I still haven't gotten an email about it, but, when I called the CPS USA guy, he said that many of the emails haven't been sent quite yet. He also said a lot of people have been calling, but that he wasn't exactly sure of what was going on; because it is the weekend, the main office is closed, so he couldn't call them to glean more information.

He said that I should call back tomorrow, when they'd have more information, but he thought that the waiting list priority was for getting to the top of select retailers' product allocation lines.


----------



## Justin (Jan 30, 2012)

Agree on how poorly phrased this rumor is. 

I still don't understand how a 22mpx full frame camera from Canon is expected to compete with a 36mpx camera from Nikon... Different leagues in terms of resolution.

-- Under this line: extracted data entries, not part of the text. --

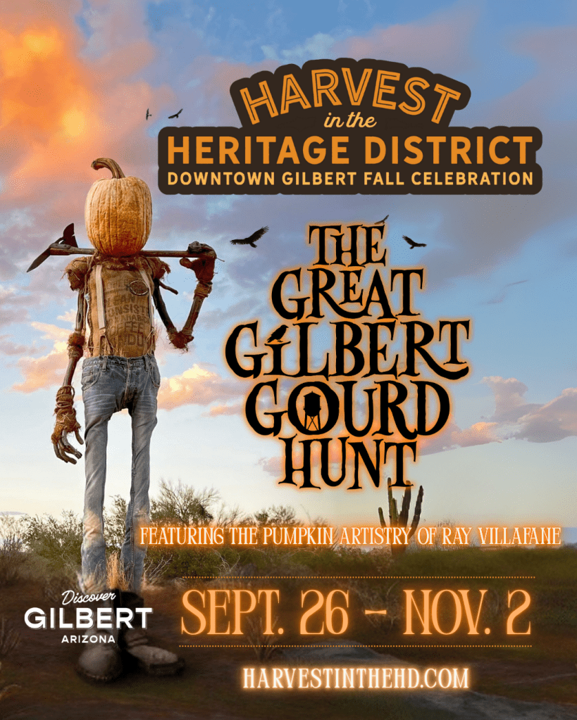 The Great Gilbert Gourd Hunt features the artistry of Ray Villafane and his popular, comical pumpkin displays. Nearly a dozen pumpkin vignettes, featuring more than 40 in-character gourds, will take over the Heritage District. Watch as mischievous pumpkins cause chaos and bring whimsy to the historic downtown area!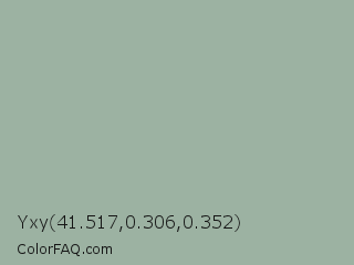 Yxy 41.517,0.306,0.352 Color is a light green color and the nearest color is Edward #a2aeab. Hex code #9cb2a2 and RGB value is rgb(156,178,162). In RGB color space, this color is composed of 61% red, 70% green, 64% blue, In CMYK color space, this color is composed of 12% cyan, 0% magenta, 9% yellow , 30% black , In HSL color space, this color has a hue angle of 136° , 13% saturation and 65% lightness.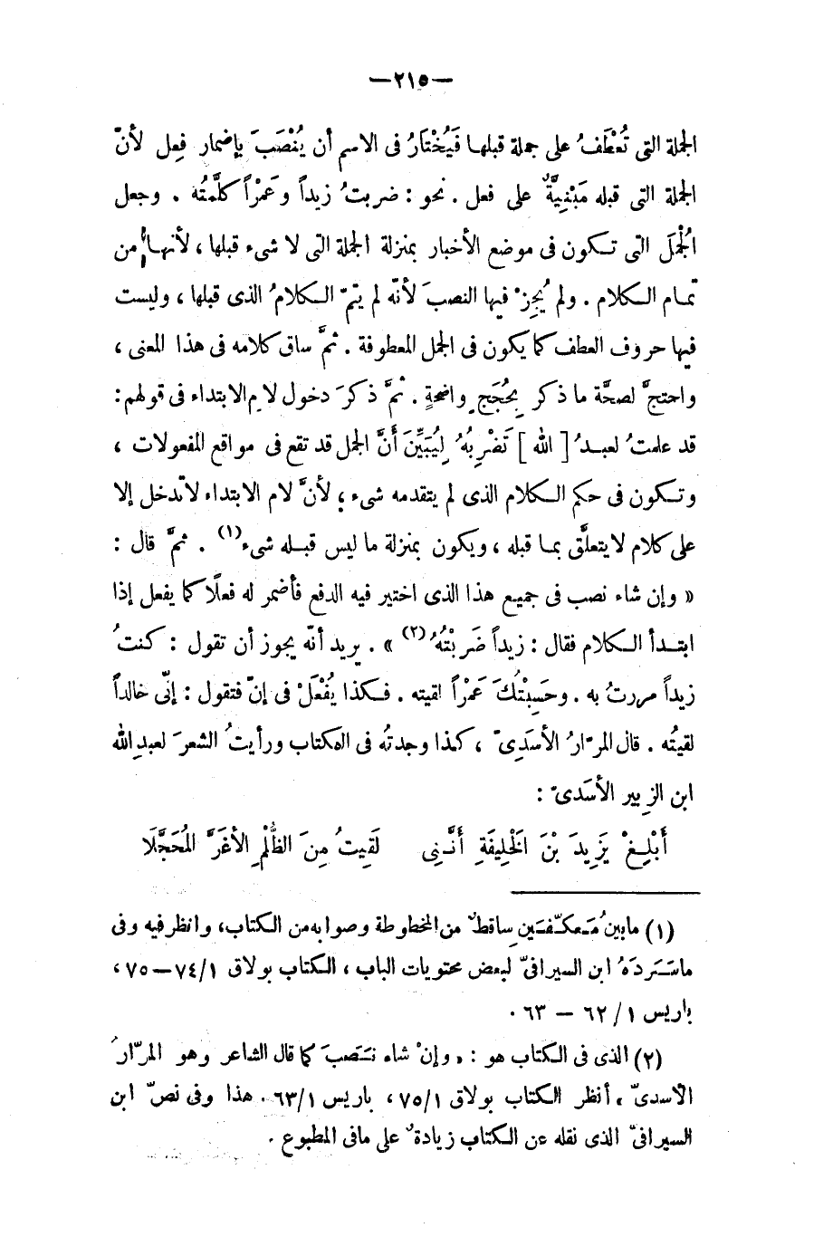 ثم قال: (وإن شاء نصب ويريد) وإن شاء نصب في جميع هذا الذي اختير فيه الرفع، فأضمر له فعلا، كما يفعل إذا ابتدأ الكلام فقال: زيدا ضربته. يريد إنه يجوز أن تقول: كنت زيدا مررت به، وحسبتك عمرا لقيته. فكذا يفعل في (أن) فتقول: أني خالدا لقيته.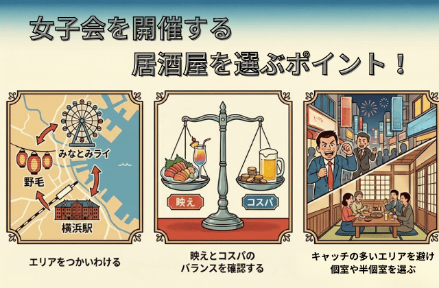 横浜での女子会を成功させるためには、おしゃれさやコスパだけでなく、エリア選びや事前のリサーチが重要です。
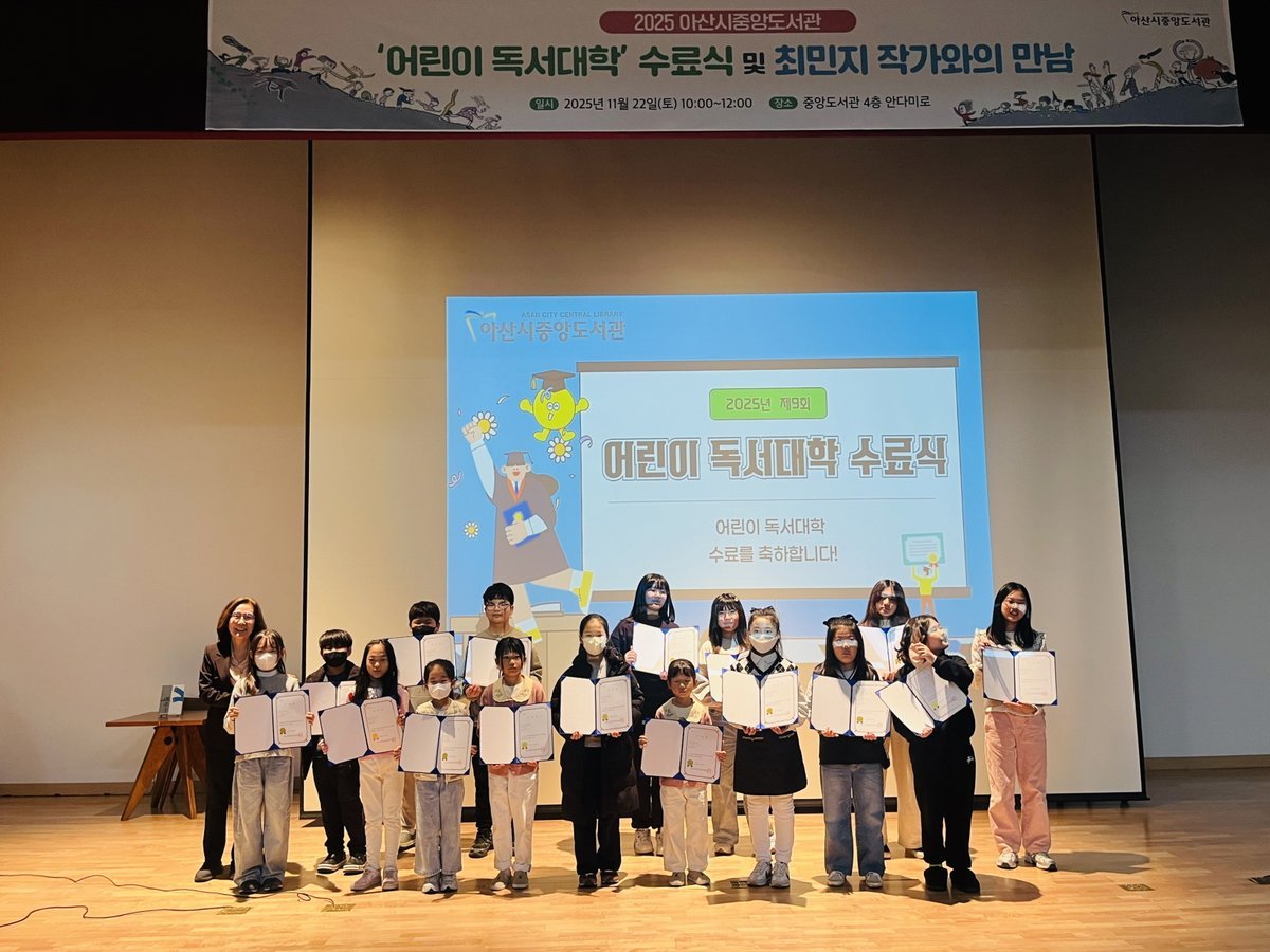 [충청뉴스큐] 아산시 중앙도서관은 22일 ‘2025년 제9회 어린이 독서대학 수료식’을 개최했다고 밝혔다.
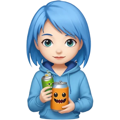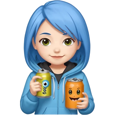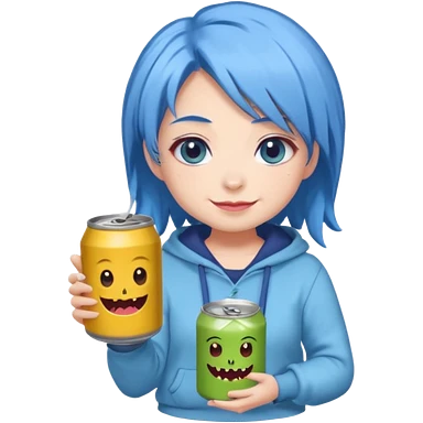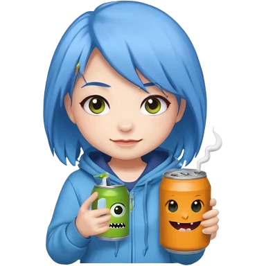 Chibi sticker of a woman with powder blue hair with white eyes hold a can of Monster with a smug smile; cozy style emoji
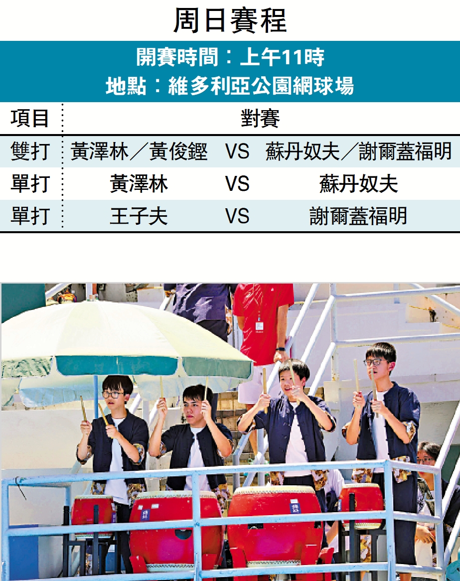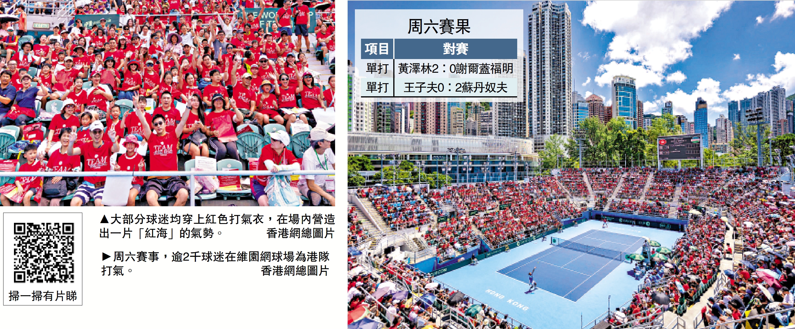 (大公報記者 朱家立〈文、圖〉)中國香港男子網球代表隊在周六(13日)起,一連兩日在維多利亞公園網球場出戰5場3勝制的戴維斯盃世界Ⅱ組賽事,與烏茲別克斯坦隊爭奪世界Ⅰ組附加賽資格。能容納約3600人的維園主場坐近七成觀眾,港隊代表黃澤林在球迷打氣聲下,首仗就以直落兩盤先拔頭籌,隊友王子夫則在第2仗以0:2見負,首日兩隊暫打平1:1。今日進行餘下三場「生死鬥」,其中黃澤林將會在首場雙打及次場單打賽事上陣。

Also, with Nikon strongly rumored to be offering a camera without an AA filter it will distance itself from the new Canon entry even more so.


----------



## Doodah (Jan 30, 2012)

This is all very cryptic.

Should someone start a rumors site about CR's rumors? ;D


----------



## briansquibb (Jan 30, 2012)

Justin said:


> Agree on how poorly phrased this rumor is.
> 
> I still don't understand how a 22mpx full frame camera from Canon is expected to compete with a 36mpx camera from Nikon... Different leagues in terms of resolution. Also, with Nikon strongly rumored to be offering a camera without an AA filter it will distance itself from the new Canon entry even more so.



I suspect that unless you are into seriously large prints or big crops you wont see any benefit from the extra mps. However you would see the benefit of an extra 2 stop of DR


----------



## thatguyyoulove (Jan 30, 2012)

briansquibb said:


> Justin said:
> 
> 
> > Agree on how poorly phrased this rumor is.
> ...


I agree wholeheartedly. Very few of these images ever get utilized at >7.2 megapixels (8x10 @ 300dpi). Comparatively though there are plenty of times, at least in my experience, that those extra stops would have let me get the picture I wanted.


----------



## lbloom (Jan 30, 2012)

briansquibb said:


> Justin said:
> 
> 
> > Agree on how poorly phrased this rumor is.
> ...



+1!

Really true, thinking about real world application.


----------



## Mt Spokane Photography (Jan 30, 2012)

Although its worded a little akwardly, its is CR3 that a new high end camera is coming in February, just not on February 7 as per the previous rumor. 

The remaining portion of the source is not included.